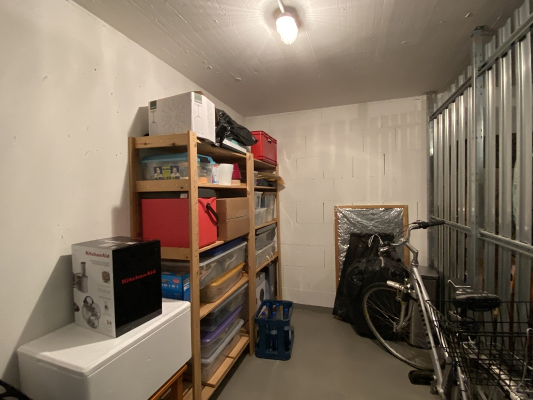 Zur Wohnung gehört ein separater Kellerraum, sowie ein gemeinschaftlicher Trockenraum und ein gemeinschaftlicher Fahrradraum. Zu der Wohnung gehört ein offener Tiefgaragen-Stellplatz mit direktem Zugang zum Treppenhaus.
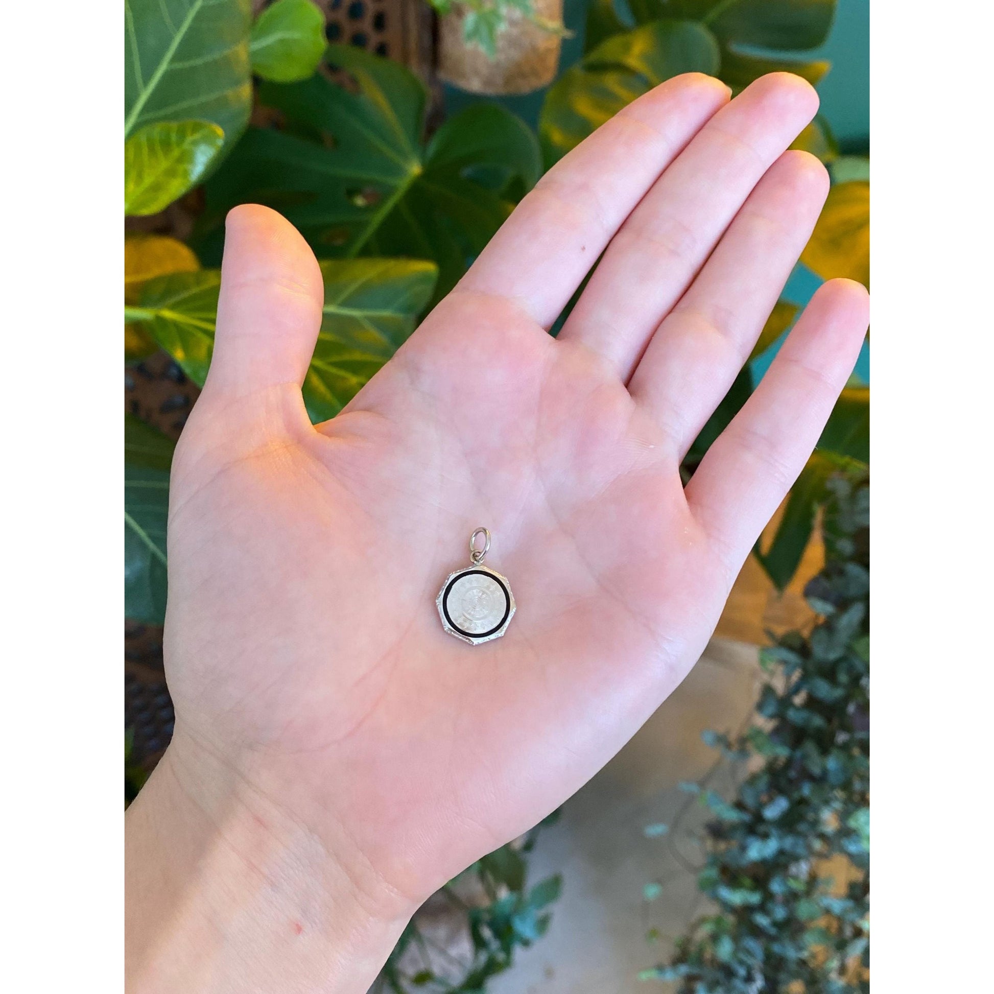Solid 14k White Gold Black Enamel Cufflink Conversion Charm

--

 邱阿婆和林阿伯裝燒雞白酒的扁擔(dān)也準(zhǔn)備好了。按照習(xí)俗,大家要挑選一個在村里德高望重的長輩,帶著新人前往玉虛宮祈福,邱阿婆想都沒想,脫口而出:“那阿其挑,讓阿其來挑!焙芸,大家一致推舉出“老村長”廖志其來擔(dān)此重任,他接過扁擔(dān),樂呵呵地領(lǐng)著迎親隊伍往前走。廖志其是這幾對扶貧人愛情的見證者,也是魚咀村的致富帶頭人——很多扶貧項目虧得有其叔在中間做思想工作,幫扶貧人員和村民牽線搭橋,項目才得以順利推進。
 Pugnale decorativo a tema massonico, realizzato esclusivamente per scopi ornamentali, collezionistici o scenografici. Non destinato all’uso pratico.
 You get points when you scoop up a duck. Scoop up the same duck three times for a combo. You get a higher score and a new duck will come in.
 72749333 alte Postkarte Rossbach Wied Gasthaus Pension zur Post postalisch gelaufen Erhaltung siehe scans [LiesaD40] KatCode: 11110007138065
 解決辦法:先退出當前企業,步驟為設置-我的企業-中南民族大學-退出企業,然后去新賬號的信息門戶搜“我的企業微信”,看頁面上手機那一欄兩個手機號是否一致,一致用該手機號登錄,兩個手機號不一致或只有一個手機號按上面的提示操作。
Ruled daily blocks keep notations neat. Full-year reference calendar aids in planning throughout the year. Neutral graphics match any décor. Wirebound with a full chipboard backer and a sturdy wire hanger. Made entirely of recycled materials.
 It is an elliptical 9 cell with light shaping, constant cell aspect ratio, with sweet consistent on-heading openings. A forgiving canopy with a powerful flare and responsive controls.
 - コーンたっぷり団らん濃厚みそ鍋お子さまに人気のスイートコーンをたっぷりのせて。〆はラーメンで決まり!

- **What is needed**
Beginning with the line containing "Ruled daily blocks" in the material above, copy every line exactly until you have copied the line containing "- コーンたっぷり団らん濃厚".

- **Answer box**
Ruled daily blocks keep notations neat. Full-year reference calendar aids in planning throughout the year. Neutral graphics match any décor. Wirebound with a full chipboard backer and a sturdy wire hanger. Made entirely of recycled materials.
 It is an elliptical 9 cell with light shaping, constant cell aspect ratio, with sweet consistent on-heading openings. A forgiving canopy with a powerful flare and responsive controls.
 - コーンたっぷり団らん濃厚みそ鍋お子さまに人気のスイートコーンをたっぷりのせて。〆はラーメンで決まり!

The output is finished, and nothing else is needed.